Output each record exactly as given. Leave out every picture.

Records from a collection:

Content starts

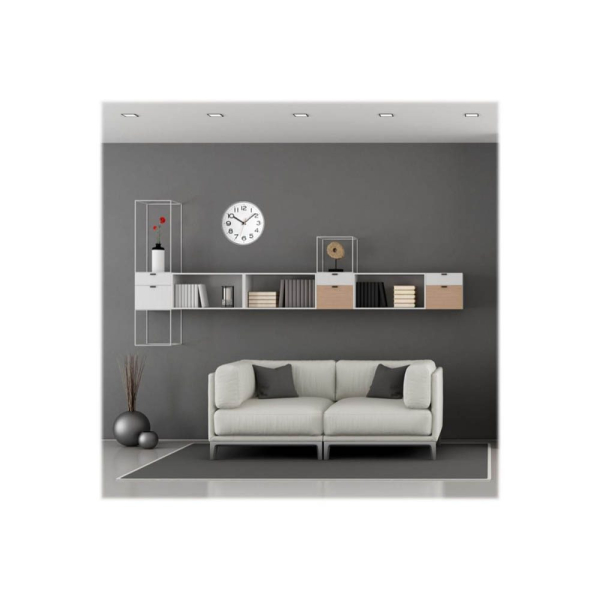 Die Wanduhr besticht durch ihr flaches Design und den extra schmalen Rahmen, was sie zu einem idealen Accessoire für minimalistisch eingerichtete Räume macht. Das große, gut ablesbare Zifferblatt sorgt dafür, dass Sie die Zeit stets im Blick haben.
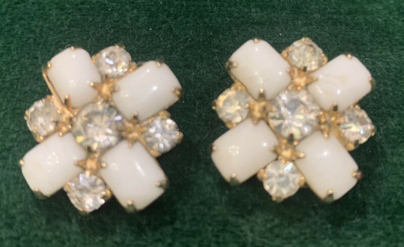 Title (ebay affiliate link): Vintage Gold Tone White Milk Glass & Rhinestones Flower Clip On Earrings
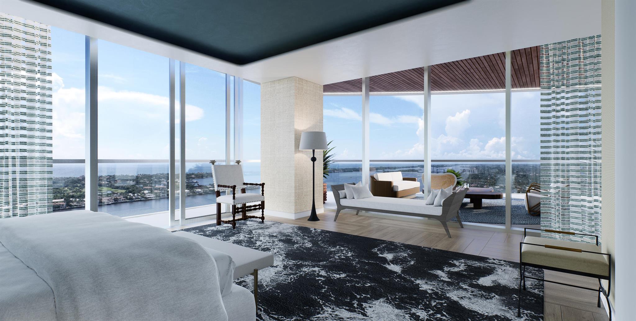 An unparalleled opportunity to own one of the last three available residences at Forte on Flagler, a newly completed luxury tower. This expansive condo offers 4,440 square feet of living space, featuring 4 bedrooms, 4 full baths, 1 half bath, and wraparound terraces with stunning eastern and southern exposures. Located on South Flagler Drive, this 24-story building provides breathtaking views of Palm Beach, including sweeping vistas of Worth Avenue, the Intracoastal Waterway, and the Atlantic Ocean. The property consists of 41 spacious, flow-through residences, each offering private elevator access, dramatic ceiling heights, floor-to-ceiling windows, and generous balconies that add 1,000 square feet of outdoor living space.
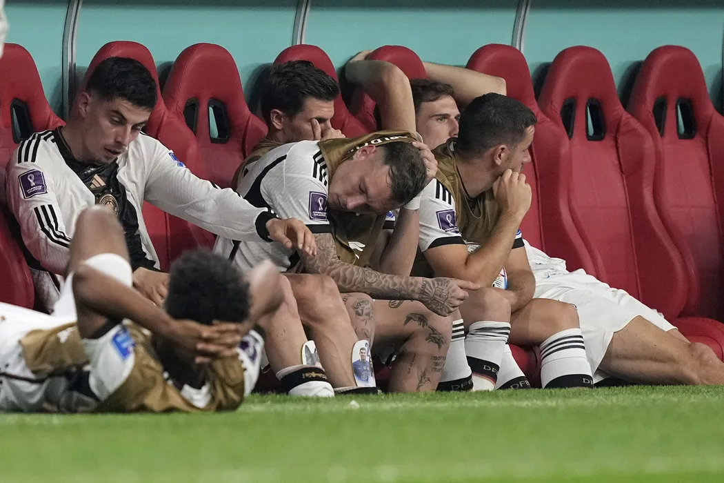German subs on the bench react after the World Cup group E soccer match between Costa Rica and Germany at the Al Bayt Stadium in Al Khor , Qatar, Thursday, Dec. 1, 2022. (AP Photo/Martin Meissner)
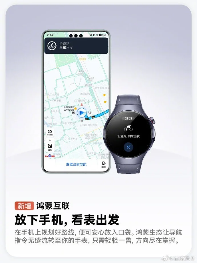 鸿蒙手机、手表互联,出行更安全:用户外出步行或骑行时,可将鸿蒙手机端的导航任务流转至手表,不用一直看手机,瞥一眼手表即可查看导航信息,让步行、骑行时的安全保障升级。

Content ends

§ **Output for this task**:
 Die Wanduhr besticht durch ihr flaches Design und den extra schmalen Rahmen, was sie zu einem idealen Accessoire für minimalistisch eingerichtete Räume macht. Das große, gut ablesbare Zifferblatt sorgt dafür, dass Sie die Zeit stets im Blick haben.
 Title (ebay affiliate link): Vintage Gold Tone White Milk Glass & Rhinestones Flower Clip On Earrings
 An unparalleled opportunity to own one of the last three available residences at Forte on Flagler, a newly completed luxury tower. This expansive condo offers 4,440 square feet of living space, featuring 4 bedrooms, 4 full baths, 1 half bath, and wraparound terraces with stunning eastern and southern exposures. Located on South Flagler Drive, this 24-story building provides breathtaking views of Palm Beach, including sweeping vistas of Worth Avenue, the Intracoastal Waterway, and the Atlantic Ocean. The property consists of 41 spacious, flow-through residences, each offering private elevator access, dramatic ceiling heights, floor-to-ceiling windows, and generous balconies that add 1,000 square feet of outdoor living space.
German subs on the bench react after the World Cup group E soccer match between Costa Rica and Germany at the Al Bayt Stadium in Al Khor , Qatar, Thursday, Dec. 1, 2022. (AP Photo/Martin Meissner)
 鸿蒙手机、手表互联,出行更安全:用户外出步行或骑行时,可将鸿蒙手机端的导航任务流转至手表,不用一直看手机,瞥一眼手表即可查看导航信息,让步行、骑行时的安全保障升级。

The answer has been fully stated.